→ Goal of the exercise
Print only the lines from the top of the data through the line with "Iquginnaq, the survivor", both included, skipping every picture.
---------- Provided data ----------
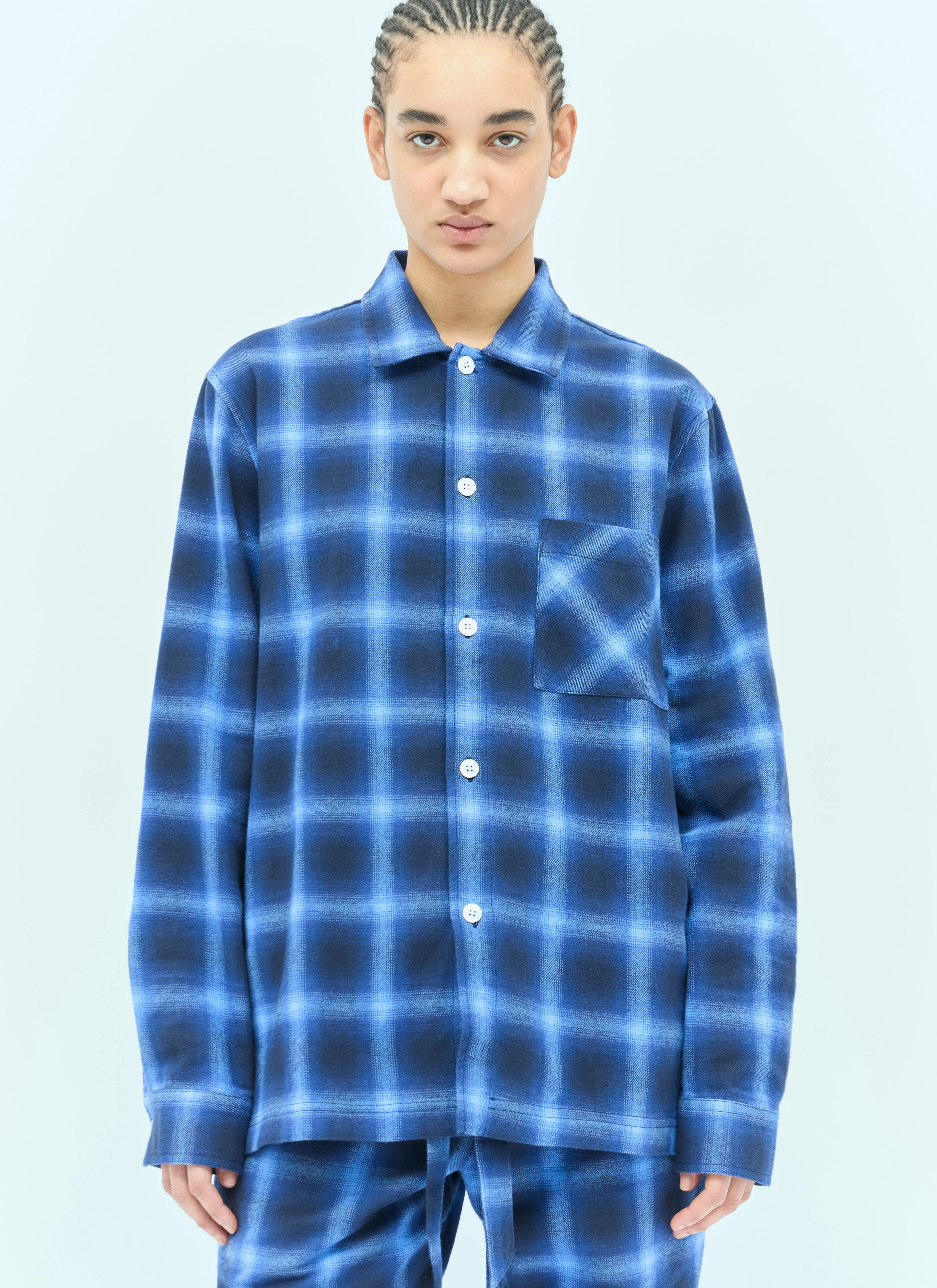 Pyjama shirt in cotton with plaid motif. - Classic collar - Front button fastening - Long sleeves - Chest patch pocket - Side logo patch - 100% Cotton. Machine wash cold - Color: Navy - Code: SWT-DABLPL-
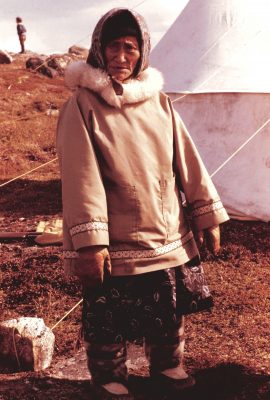 Iquginnaq, the survivor of many ordeals, stands in 1982 at her family’s camp beside Ferguson lake, southeast of Baker Lake. (Photo courtesy of David Pelly)
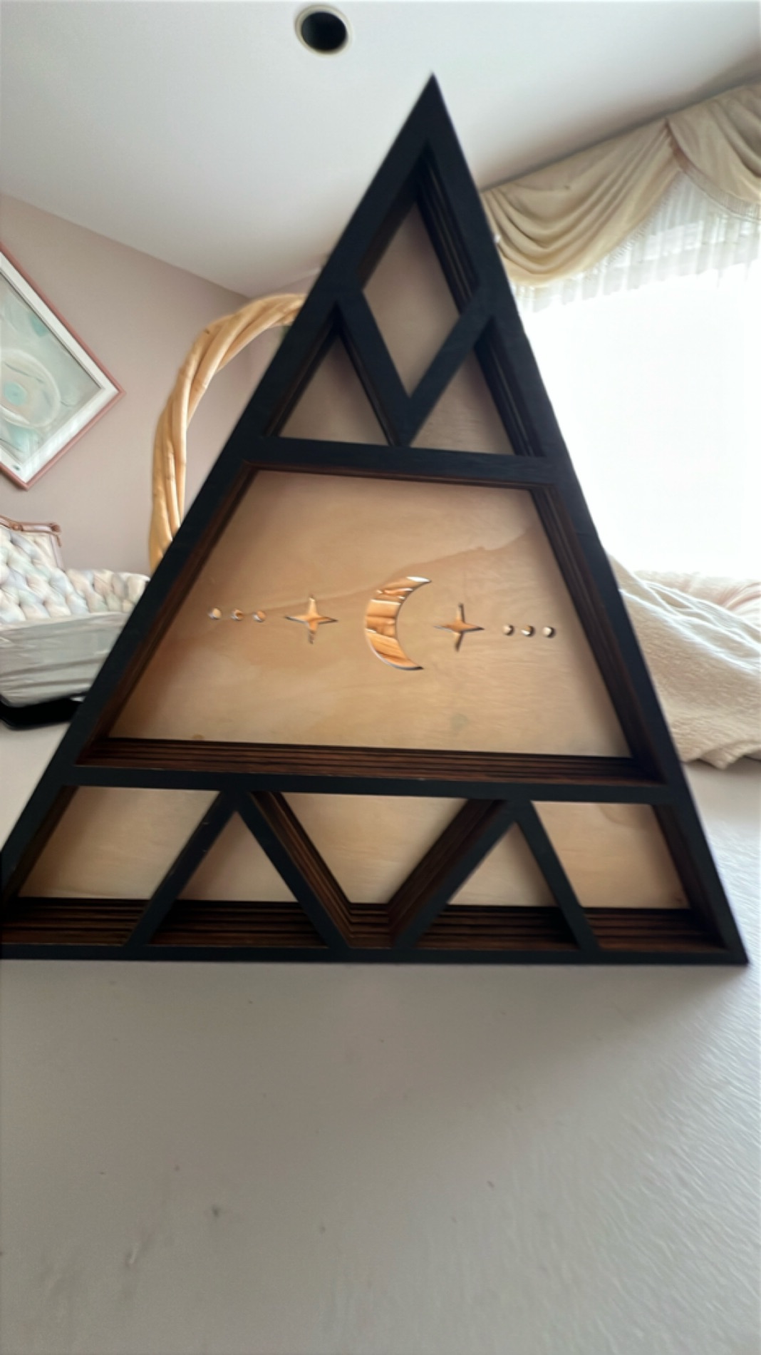 This unique triangular wall shelf features an eye-catching geometric design, perfect for adding a modern touch to any room. With intricate celestial cut-out details, this shelf is both functional and artistic. Ideal for displaying small plants, candles, or collectibles, it is crafted from sturdy wood with a black finish, ensuring durability and style. A great addition to any living space or office decor.
----------
→ Written solution
 Pyjama shirt in cotton with plaid motif. - Classic collar - Front button fastening - Long sleeves - Chest patch pocket - Side logo patch - 100% Cotton. Machine wash cold - Color: Navy - Code: SWT-DABLPL-
 Iquginnaq, the survivor of many ordeals, stands in 1982 at her family’s camp beside Ferguson lake, southeast of Baker Lake. (Photo courtesy of David Pelly)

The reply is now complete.